# Fourier series of a function defined by parts

• Oct 30th 2009, 01:24 AM
javicg
Fourier series of a function defined by parts
I'm having trouble with the following question. Any help is appreciated.

Calculate the Fourier series for

$\displaystyle f(x) = \left\{\begin{array}{rl} x^2, & 0 \le x \le \pi \\ -x^2, & -\pi \le x \le 0, \end{array}\right.$

and $\displaystyle f (x+2\pi) = f(x), \forall x \in \mathbb{R}$. Given that $\displaystyle \sum_{n=1}^{\infty} \frac{1 - (-1)^n}{n^4} = \frac{n^4}{48},$ find the value of $\displaystyle \sum_{n=1}^{\infty} \frac{1 - (-1)^n}{n^6} = \sum_{n=1}^{\infty} \frac1{(2n+1)^6}$
• Oct 30th 2009, 04:28 AM
CaptainBlack
Quote:

Originally Posted by javicg
I'm having trouble with the following question. Any help is appreciated.
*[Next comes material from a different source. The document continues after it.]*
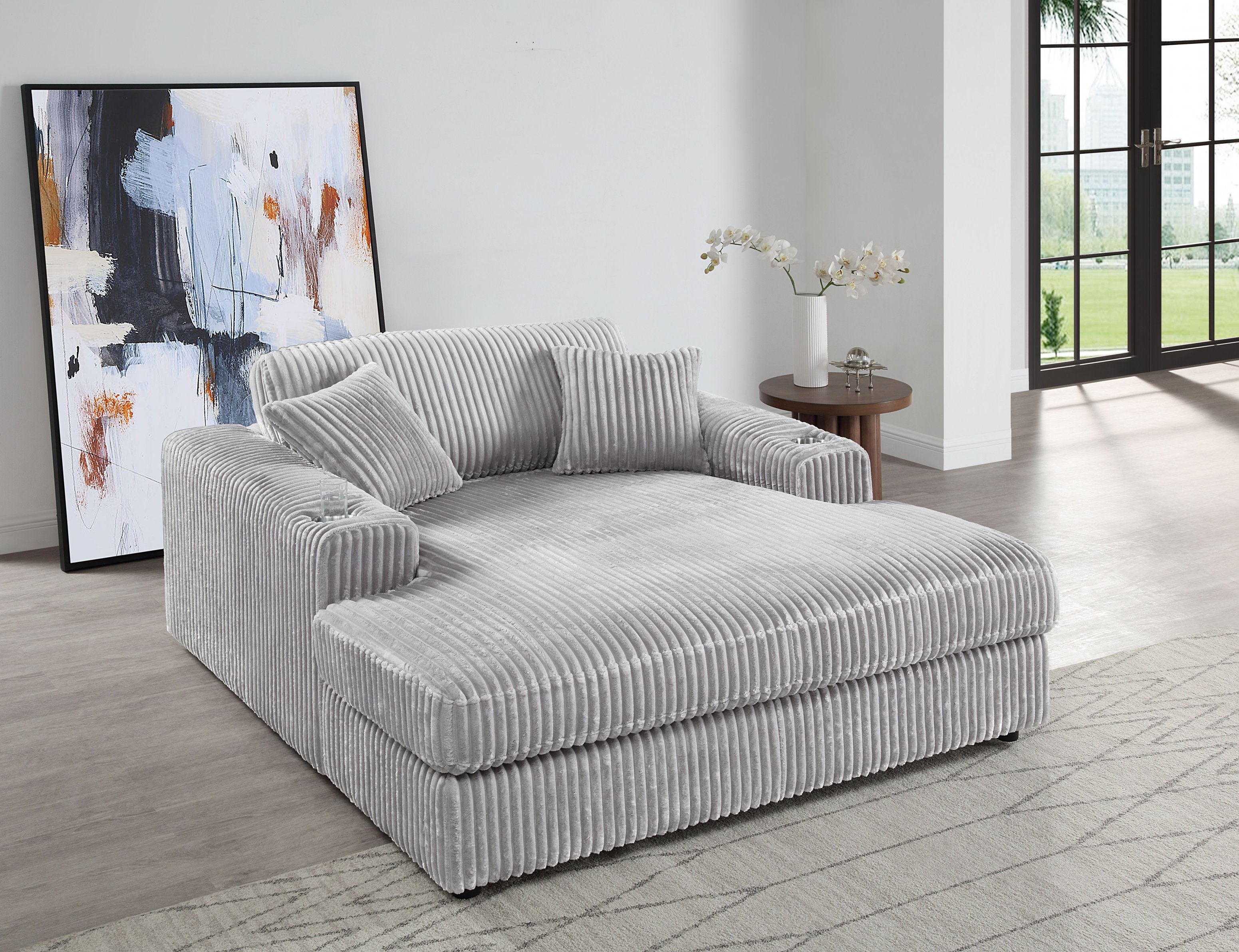 - Included Accessories: Two accent pillows and a built-in cup holder for convenience.

Calculate the Fourier series for

$\displaystyle f(x) = \left\{\begin{array}{rl} x^2, & 0 \le x \le \pi \\ -x^2, & -\pi \le x \le 0, \end{array}\right.$

and $\displaystyle f (x+2\pi) = f(x), \forall x \in \mathbb{R}$. Given that $\displaystyle \sum_{n=1}^{\infty} \frac{1 - (-1)^n}{n^4} = \frac{n^4}{48},$ find the value of $\displaystyle \sum_{n=1}^{\infty} \frac{1 - (-1)^n}{n^6} = \sum_{n=1}^{\infty} \frac1{(2n+1)^6}$

What exactly is/are the problem/s?

You know the definition of the Fourier series, and you have the definition of the function, what have you done with this knowledge?

Also the last sentence does not appear to be connected to the rest of the question.

CB